PROBLEM STATEMENT: Print, word for word, every line from the beginning of the listing up to and including the line with "наголосив Руслан Стефанчук.". Pictures are to be excluded.

BEGIN DATA SEGMENT

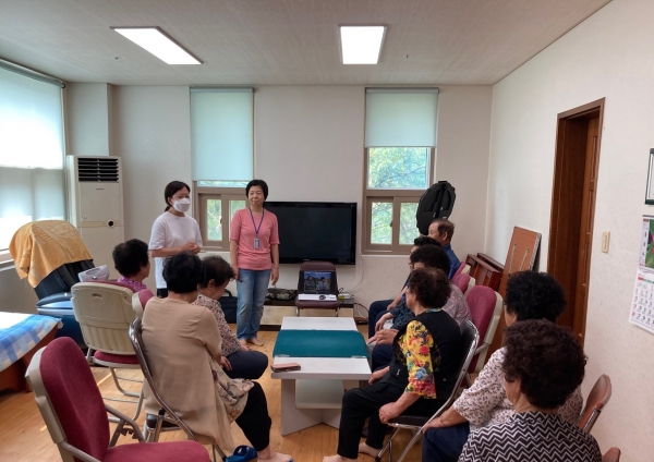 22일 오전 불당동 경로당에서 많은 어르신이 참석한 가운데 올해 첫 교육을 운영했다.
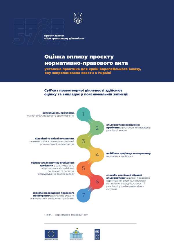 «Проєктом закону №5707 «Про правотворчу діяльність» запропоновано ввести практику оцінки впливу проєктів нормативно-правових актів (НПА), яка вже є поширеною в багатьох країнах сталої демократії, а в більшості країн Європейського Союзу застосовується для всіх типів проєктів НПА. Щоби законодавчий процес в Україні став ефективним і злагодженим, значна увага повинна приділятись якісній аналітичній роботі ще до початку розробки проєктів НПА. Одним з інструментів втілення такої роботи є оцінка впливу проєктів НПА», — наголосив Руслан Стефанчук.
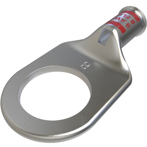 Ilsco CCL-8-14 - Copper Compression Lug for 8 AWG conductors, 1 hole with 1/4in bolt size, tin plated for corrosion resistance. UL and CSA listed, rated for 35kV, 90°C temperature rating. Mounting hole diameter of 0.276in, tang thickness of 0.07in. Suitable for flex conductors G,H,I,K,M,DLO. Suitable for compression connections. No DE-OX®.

END DATA SEGMENT

EXERCISE RESULT:
 22일 오전 불당동 경로당에서 많은 어르신이 참석한 가운데 올해 첫 교육을 운영했다.
 «Проєктом закону №5707 «Про правотворчу діяльність» запропоновано ввести практику оцінки впливу проєктів нормативно-правових актів (НПА), яка вже є поширеною в багатьох країнах сталої демократії, а в більшості країн Європейського Союзу застосовується для всіх типів проєктів НПА. Щоби законодавчий процес в Україні став ефективним і злагодженим, значна увага повинна приділятись якісній аналітичній роботі ще до початку розробки проєктів НПА. Одним з інструментів втілення такої роботи є оцінка впливу проєктів НПА», — наголосив Руслан Стефанчук.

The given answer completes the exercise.